Comme, l’une des personnes du reportage, j’ai pris ce rêve pour un aurevoir. Et je partage son opinion, une partie de nous meurt avec l’être cher. Une autre partie revit plus intensément, plus librement, avec une belle dose d’envies.

J’ai été touchée par ces témoignages et souvent je les rejoins. Vivre cela, m’a permis d’oser aimer. Le fait que je puisse mourir un jour m’indiffère mais je garde en moi cette notion si vibrante : ne perdons pas de temps !

Je vous conseille ce reportage qui donne la parole à des témoins dont l’histoire n’est pas toujours facile à partager en public. Si ces thématiques vous intéressent, sachez qu’elles sont abordées dans le prochain numéro du magazine n°14 Inexploré.

Un matin, je suis sortie de chez moi. J’allais refermer la porte de verre poli quand j’ai décidé de le faire un peu plus lentement que d’habitude. C’était l’époque où j’avais encore des horaires de travail commun à des millions de salariés.

Le matin j’assistais à ce bal. Les gens qui passent à la même heure, allant au même endroit. Je savais si j’étais à l’heure, en fonction de ces inconnus réguliers que je croisais. Tiens, c’est la dame qui va à l’école : « ou la la je la croise beaucoup plus loin d’habitude. Minnnce mon bus ». Je cours.

Ce matin là, je pris le temps de la pause. Rien n’avait changé dans le quotidien de ces gens pressés.

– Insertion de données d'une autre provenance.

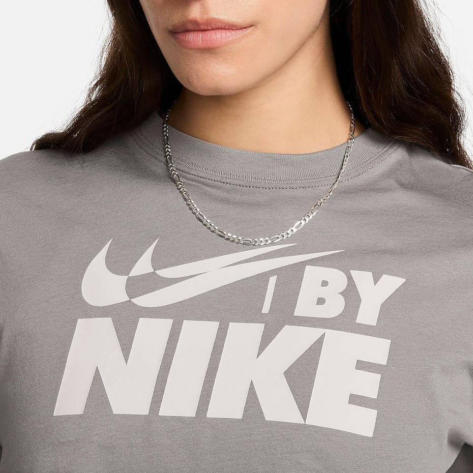 Футболка имеет свободный крой, что придаёт ей расслабленный и стильный вид. На груди расположена узнаваемая эмблема Swoosh, которая подчёркивает принадлежность к бренду Nike. Укороченный дизайн подчёркивает фигуру, не сковывая движений, что делает её отличным выбором для тренировок или активного отдыха.

Ils allaient et venaient avec la même mine joviale ou blasée. Mon quotidien, lui avait irrémédiablement changé.

Pour la première fois, je venais de perdre un proche qui avait partagé 25 ans de ma vie. Il s’était éteint au creux d’un cancer dans une clinique du sud de la France. Ma vie ne serait définitivement plus la même. Il était partie en mentant, en disant au personnel soignant que j’étais sa fille. C’était la première fois que j’entendais un aussi joli mensonge.

Nous nous étions tant combattu avec des différences, des convictions, des peurs viscérales et la même personne que nous aimions passionnément : ma mère. Avec lui j’avais trouvé le courage de dire les mots que j’avais dans le ventre, dire tout le paradoxe de détester et d’aimer à la fois. J’avais eu la chance d’éprouver l’envie de le faire avant que son corps ne le détruise. J’ai dû apprendre à aider une personne qui part. A accepter que putain c’est insurmontable de se sentir si démunie quand l’autre à mal. A accepter que dans ces moments là, sa souffrance on la tait pour puiser toute l’énergie que l’on a, pour pouvoir la restituer à l’autre.

Et puis un matin, on vous appelle. Vous savez très bien pourquoi on vous appelle. Pourtant vous niez. Quand ma mère m’a appelé, je lui ai dis « pourquoi tu m’appelles ? ». J’aurai voulu tant d’autres mots dans ma bouche. Mais ce matin là, je ne voulais pas entendre les siens. Pour ne pas que ces trois syllabes claquent dans ma cuisine : « c’est fini ».

Alors ce matin, là quelques jours après l’enterrement, quelques jours après le Sud. Je me suis posée là devant ma porte en verre poli, à comprendre que le changement de ma vie n’affectait pas celle des autres. Et qu’alors il fallait continuer, autrement …

EDIT : cette situation je l’ai connue il y a quelques années maintenant.